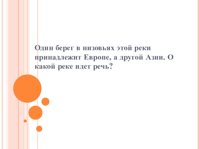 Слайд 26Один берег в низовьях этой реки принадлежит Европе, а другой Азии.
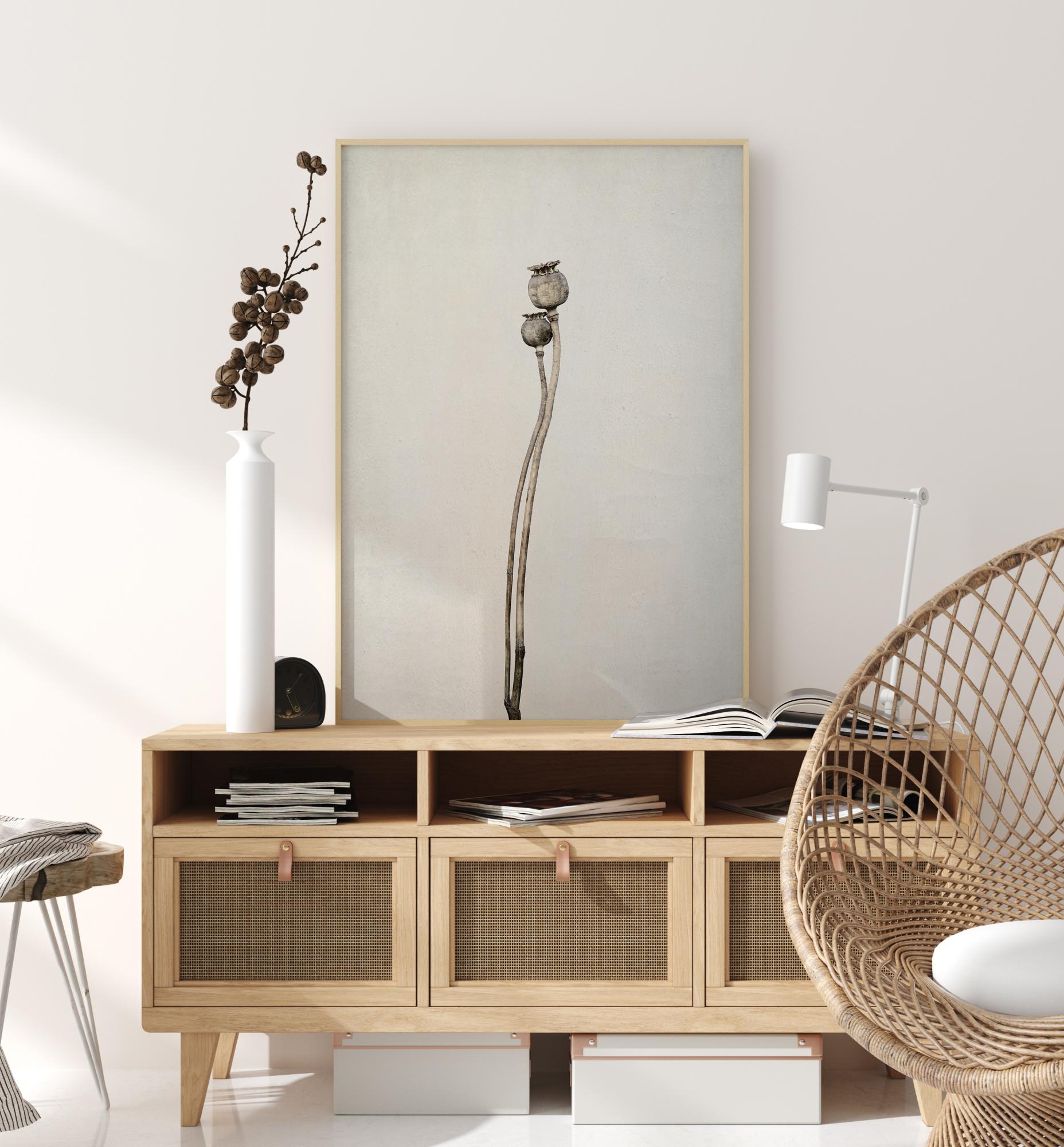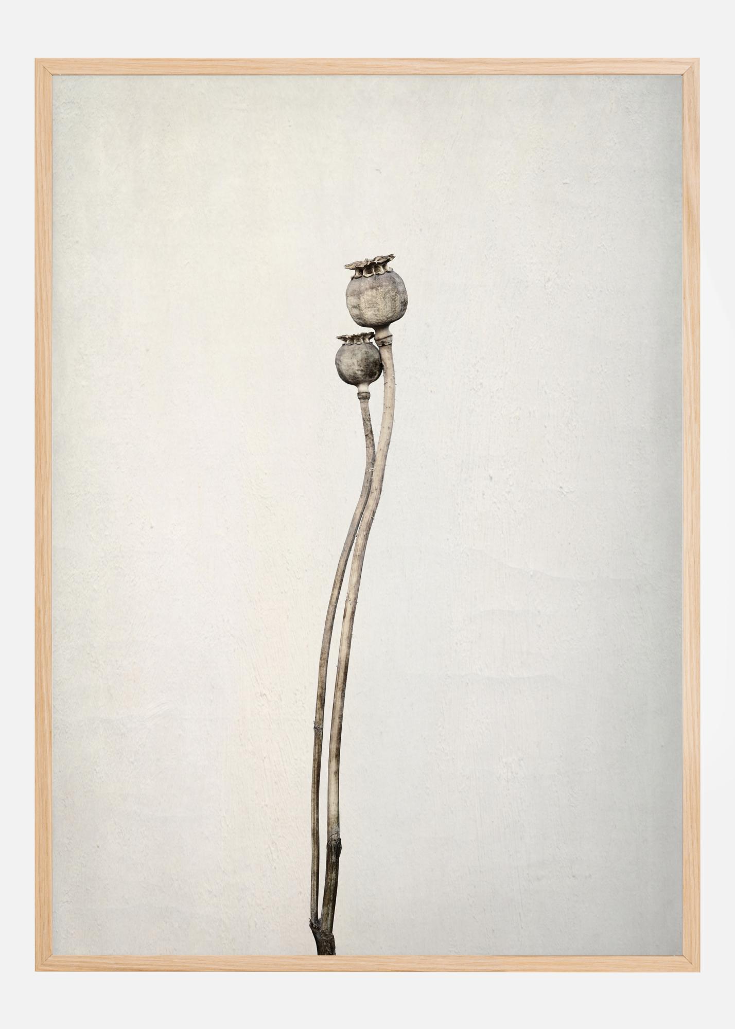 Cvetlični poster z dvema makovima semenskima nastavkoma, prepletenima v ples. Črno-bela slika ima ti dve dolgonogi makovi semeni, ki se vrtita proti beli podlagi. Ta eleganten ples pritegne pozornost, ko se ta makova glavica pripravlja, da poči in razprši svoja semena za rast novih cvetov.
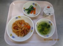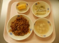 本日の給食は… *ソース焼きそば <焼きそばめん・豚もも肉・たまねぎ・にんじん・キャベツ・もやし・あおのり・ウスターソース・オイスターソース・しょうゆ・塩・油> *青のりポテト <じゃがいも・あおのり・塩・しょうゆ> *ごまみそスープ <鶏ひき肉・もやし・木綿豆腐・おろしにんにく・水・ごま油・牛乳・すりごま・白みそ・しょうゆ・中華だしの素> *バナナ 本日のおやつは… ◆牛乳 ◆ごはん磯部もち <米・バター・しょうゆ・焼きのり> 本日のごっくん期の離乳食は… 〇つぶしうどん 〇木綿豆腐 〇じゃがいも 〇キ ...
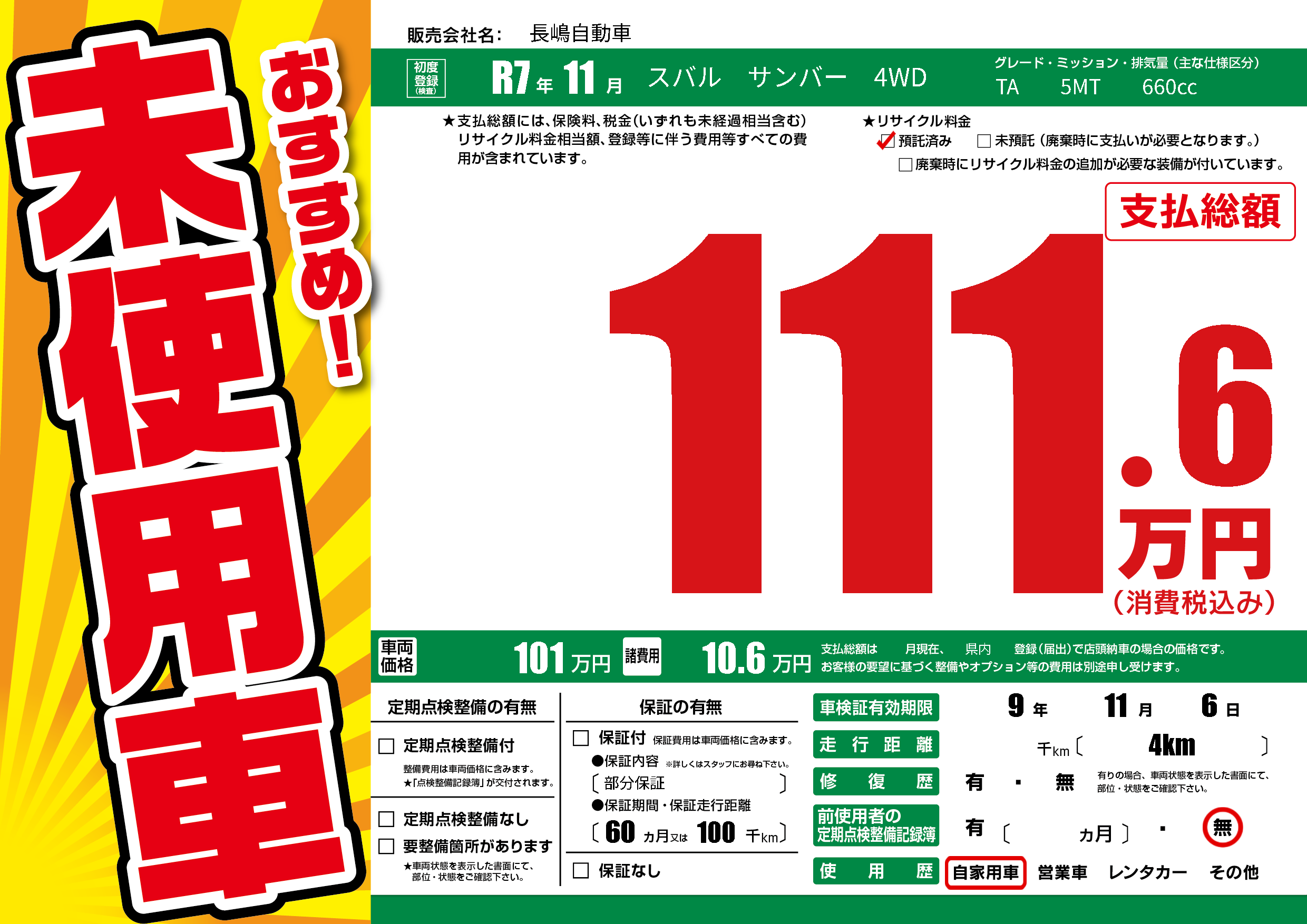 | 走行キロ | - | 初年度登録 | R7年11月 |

────────────────────

Activity
Repeat all of the data above word for word, minus the pictures.

Result of this exercise
 Слайд 26Один берег в низовьях этой реки принадлежит Европе, а другой Азии.
 Cvetlični poster z dvema makovima semenskima nastavkoma, prepletenima v ples. Črno-bela slika ima ti dve dolgonogi makovi semeni, ki se vrtita proti beli podlagi. Ta eleganten ples pritegne pozornost, ko se ta makova glavica pripravlja, da poči in razprši svoja semena za rast novih cvetov.
 本日の給食は… *ソース焼きそば <焼きそばめん・豚もも肉・たまねぎ・にんじん・キャベツ・もやし・あおのり・ウスターソース・オイスターソース・しょうゆ・塩・油> *青のりポテト <じゃがいも・あおのり・塩・しょうゆ> *ごまみそスープ <鶏ひき肉・もやし・木綿豆腐・おろしにんにく・水・ごま油・牛乳・すりごま・白みそ・しょうゆ・中華だしの素> *バナナ 本日のおやつは… ◆牛乳 ◆ごはん磯部もち <米・バター・しょうゆ・焼きのり> 本日のごっくん期の離乳食は… 〇つぶしうどん 〇木綿豆腐 〇じゃがいも 〇キ ...
 | 走行キロ | - | 初年度登録 | R7年11月 |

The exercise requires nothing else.